*** SUPPLIED ENTRIES ***

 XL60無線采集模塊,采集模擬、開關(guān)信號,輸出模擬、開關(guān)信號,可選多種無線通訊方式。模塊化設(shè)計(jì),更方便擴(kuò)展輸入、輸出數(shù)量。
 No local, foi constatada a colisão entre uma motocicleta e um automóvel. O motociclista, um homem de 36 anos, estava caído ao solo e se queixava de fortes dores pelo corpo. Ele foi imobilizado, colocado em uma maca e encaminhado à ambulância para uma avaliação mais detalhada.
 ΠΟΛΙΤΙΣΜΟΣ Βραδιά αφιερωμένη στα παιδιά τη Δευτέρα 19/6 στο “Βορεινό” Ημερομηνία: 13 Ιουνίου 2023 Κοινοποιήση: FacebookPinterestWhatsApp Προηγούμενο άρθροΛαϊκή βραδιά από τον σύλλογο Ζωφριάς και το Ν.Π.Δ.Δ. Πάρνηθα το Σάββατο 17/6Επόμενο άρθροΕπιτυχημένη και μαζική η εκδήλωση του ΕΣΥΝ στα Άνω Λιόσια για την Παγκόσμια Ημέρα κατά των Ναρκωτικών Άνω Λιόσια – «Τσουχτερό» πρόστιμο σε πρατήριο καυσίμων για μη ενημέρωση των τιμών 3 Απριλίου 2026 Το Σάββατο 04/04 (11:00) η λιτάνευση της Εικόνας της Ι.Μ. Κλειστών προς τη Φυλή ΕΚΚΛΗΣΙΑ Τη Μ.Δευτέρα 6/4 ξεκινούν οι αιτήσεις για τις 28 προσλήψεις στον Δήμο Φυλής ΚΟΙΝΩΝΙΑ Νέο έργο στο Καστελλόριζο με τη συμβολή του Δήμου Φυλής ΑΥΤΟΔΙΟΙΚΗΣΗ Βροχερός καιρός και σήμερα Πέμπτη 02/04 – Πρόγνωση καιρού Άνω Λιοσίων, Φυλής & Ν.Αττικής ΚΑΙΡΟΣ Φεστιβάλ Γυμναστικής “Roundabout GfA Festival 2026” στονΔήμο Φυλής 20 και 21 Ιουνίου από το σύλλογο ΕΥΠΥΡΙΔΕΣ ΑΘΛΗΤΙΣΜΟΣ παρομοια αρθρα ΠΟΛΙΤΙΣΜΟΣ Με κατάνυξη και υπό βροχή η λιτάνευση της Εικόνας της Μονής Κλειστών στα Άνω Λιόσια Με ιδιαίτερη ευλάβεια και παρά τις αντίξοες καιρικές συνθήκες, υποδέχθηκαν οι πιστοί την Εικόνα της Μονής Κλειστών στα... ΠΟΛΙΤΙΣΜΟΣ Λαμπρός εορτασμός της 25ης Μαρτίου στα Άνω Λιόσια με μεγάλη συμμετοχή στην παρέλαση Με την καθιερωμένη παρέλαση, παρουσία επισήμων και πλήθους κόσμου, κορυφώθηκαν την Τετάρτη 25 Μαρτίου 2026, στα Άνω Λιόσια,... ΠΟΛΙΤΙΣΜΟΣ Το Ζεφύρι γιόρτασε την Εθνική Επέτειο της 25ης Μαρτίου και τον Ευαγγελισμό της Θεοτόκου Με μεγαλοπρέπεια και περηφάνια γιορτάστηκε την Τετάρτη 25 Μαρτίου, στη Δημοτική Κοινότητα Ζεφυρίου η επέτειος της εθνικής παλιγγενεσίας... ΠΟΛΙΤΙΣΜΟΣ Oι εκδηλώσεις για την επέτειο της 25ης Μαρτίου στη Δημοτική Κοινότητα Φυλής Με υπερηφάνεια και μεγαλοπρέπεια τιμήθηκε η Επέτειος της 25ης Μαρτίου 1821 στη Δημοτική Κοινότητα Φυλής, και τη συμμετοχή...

*** End of SUPPLIED ENTRIES ***
*** SUPPLIED ENTRIES ***

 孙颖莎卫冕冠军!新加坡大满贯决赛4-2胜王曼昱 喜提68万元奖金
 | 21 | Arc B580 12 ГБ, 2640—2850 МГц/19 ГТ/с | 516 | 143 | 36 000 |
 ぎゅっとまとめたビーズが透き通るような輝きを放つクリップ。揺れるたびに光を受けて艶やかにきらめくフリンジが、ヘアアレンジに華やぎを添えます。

*** End of SUPPLIED ENTRIES ***

*EXERCISE DIRECTIONS:*
Please reproduce the lines from the line with "143 | 36 000 |" to the line with "ぎゅっとまとめたビーズが透き", both ends included, exactly as they appear above.

*ANSWER BOX:*
 | 21 | Arc B580 12 ГБ, 2640—2850 МГц/19 ГТ/с | 516 | 143 | 36 000 |
 ぎゅっとまとめたビーズが透き通るような輝きを放つクリップ。揺れるたびに光を受けて艶やかにきらめくフリンジが、ヘアアレンジに華やぎを添えます。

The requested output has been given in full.